***** GIVEN ENTRIES *****

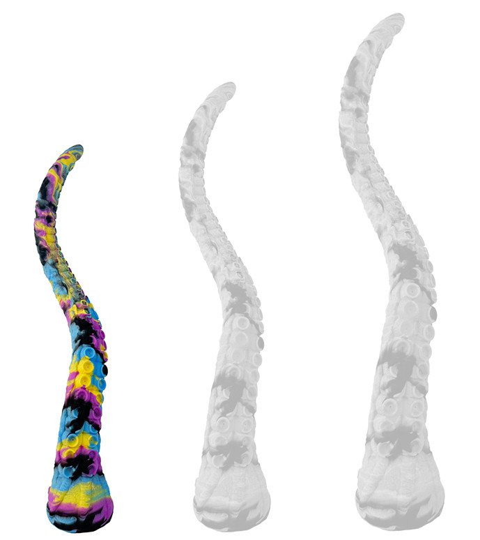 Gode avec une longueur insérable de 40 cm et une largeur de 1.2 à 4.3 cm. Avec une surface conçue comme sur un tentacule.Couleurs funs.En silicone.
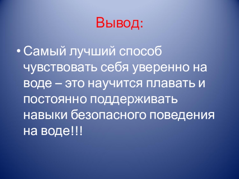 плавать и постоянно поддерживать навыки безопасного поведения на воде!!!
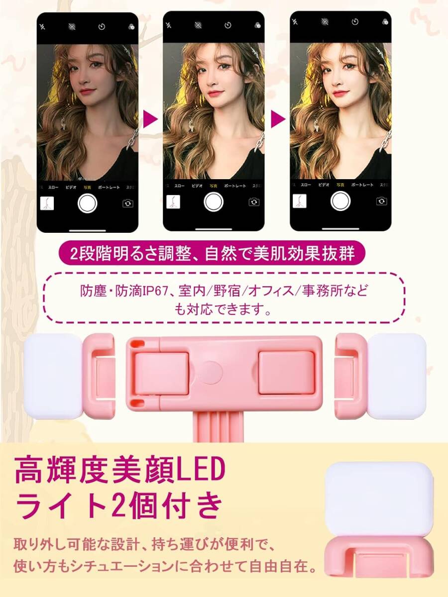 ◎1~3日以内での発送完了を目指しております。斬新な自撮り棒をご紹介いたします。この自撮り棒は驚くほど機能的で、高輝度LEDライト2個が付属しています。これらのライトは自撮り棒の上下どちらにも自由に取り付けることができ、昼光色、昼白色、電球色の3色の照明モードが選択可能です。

*****
***** GIVEN ENTRIES *****

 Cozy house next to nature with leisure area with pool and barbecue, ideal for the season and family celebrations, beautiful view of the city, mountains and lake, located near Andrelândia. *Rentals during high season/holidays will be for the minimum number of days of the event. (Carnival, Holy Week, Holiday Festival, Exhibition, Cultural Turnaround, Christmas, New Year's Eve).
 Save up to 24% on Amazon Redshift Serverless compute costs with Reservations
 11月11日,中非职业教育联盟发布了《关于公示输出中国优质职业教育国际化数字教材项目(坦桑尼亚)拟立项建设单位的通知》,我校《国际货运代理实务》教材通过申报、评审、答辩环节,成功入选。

*****
***** GIVEN ENTRIES *****

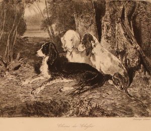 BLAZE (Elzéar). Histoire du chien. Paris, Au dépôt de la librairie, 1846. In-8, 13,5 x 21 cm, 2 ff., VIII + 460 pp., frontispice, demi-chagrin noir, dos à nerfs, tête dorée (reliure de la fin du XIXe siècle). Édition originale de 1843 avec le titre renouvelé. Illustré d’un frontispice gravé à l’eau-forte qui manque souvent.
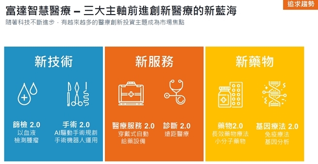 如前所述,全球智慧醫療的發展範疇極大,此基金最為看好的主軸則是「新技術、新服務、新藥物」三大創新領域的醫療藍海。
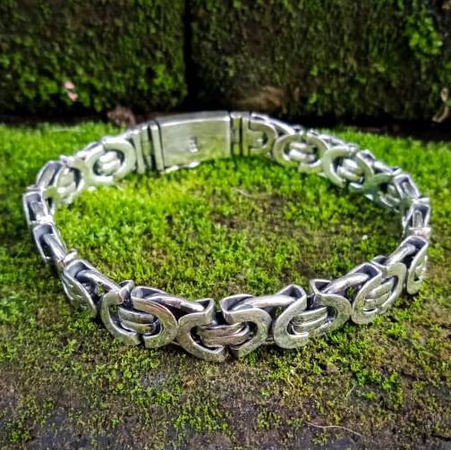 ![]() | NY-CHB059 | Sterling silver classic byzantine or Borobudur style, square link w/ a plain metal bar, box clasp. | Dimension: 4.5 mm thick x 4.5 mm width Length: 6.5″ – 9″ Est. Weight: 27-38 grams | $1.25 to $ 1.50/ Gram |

*****

### THE TASK
Print exactly the lines above that run from the one with "BLAZE (Elzéar). Histoire" to the one with "如前所述,全球智慧醫療的發展", both included. No pictures.

### YOUR SOLUTION
 BLAZE (Elzéar). Histoire du chien. Paris, Au dépôt de la librairie, 1846. In-8, 13,5 x 21 cm, 2 ff., VIII + 460 pp., frontispice, demi-chagrin noir, dos à nerfs, tête dorée (reliure de la fin du XIXe siècle). Édition originale de 1843 avec le titre renouvelé. Illustré d’un frontispice gravé à l’eau-forte qui manque souvent.
 如前所述,全球智慧醫療的發展範疇極大,此基金最為看好的主軸則是「新技術、新服務、新藥物」三大創新領域的醫療藍海。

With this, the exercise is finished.